▶ _DIRECTIONS FOR THIS TASK_
Check every line below for the string "para". Copy the ones that have it.

▶ _RECORDS SUPPLIED_
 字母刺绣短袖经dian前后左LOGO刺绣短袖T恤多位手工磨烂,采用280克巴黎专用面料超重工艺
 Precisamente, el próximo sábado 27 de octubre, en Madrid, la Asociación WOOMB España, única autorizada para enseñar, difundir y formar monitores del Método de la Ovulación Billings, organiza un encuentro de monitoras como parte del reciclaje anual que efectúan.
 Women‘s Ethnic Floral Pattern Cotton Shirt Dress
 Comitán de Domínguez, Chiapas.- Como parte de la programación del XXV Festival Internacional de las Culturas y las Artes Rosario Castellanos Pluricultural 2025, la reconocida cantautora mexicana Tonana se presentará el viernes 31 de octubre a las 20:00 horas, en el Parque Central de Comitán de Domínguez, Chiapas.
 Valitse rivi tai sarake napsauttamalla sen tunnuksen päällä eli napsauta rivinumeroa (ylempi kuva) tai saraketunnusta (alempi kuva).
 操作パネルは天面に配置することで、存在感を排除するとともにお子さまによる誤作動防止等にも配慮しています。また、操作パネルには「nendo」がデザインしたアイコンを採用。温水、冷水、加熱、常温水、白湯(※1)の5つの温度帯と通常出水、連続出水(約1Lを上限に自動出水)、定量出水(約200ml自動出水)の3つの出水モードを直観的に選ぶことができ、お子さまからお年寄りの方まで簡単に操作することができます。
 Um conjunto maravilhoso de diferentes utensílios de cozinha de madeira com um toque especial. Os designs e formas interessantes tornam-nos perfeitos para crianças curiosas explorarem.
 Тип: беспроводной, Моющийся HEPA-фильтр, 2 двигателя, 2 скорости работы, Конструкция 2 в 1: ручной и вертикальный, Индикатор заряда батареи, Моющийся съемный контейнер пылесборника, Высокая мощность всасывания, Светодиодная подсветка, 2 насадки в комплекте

--

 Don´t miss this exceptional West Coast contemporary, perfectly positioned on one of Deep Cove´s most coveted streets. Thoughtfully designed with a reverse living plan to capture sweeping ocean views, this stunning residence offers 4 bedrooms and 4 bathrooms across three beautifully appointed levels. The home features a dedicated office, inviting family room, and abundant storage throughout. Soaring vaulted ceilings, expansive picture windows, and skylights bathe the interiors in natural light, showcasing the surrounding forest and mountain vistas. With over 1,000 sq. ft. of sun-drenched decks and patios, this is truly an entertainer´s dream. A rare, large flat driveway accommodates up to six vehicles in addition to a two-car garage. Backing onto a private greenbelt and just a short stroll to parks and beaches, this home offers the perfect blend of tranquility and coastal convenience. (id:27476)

▶ _ANSWER BOX_
 Precisamente, el próximo sábado 27 de octubre, en Madrid, la Asociación WOOMB España, única autorizada para enseñar, difundir y formar monitores del Método de la Ovulación Billings, organiza un encuentro de monitoras como parte del reciclaje anual que efectúan.
 Um conjunto maravilhoso de diferentes utensílios de cozinha de madeira com um toque especial. Os designs e formas interessantes tornam-nos perfeitos para crianças curiosas explorarem.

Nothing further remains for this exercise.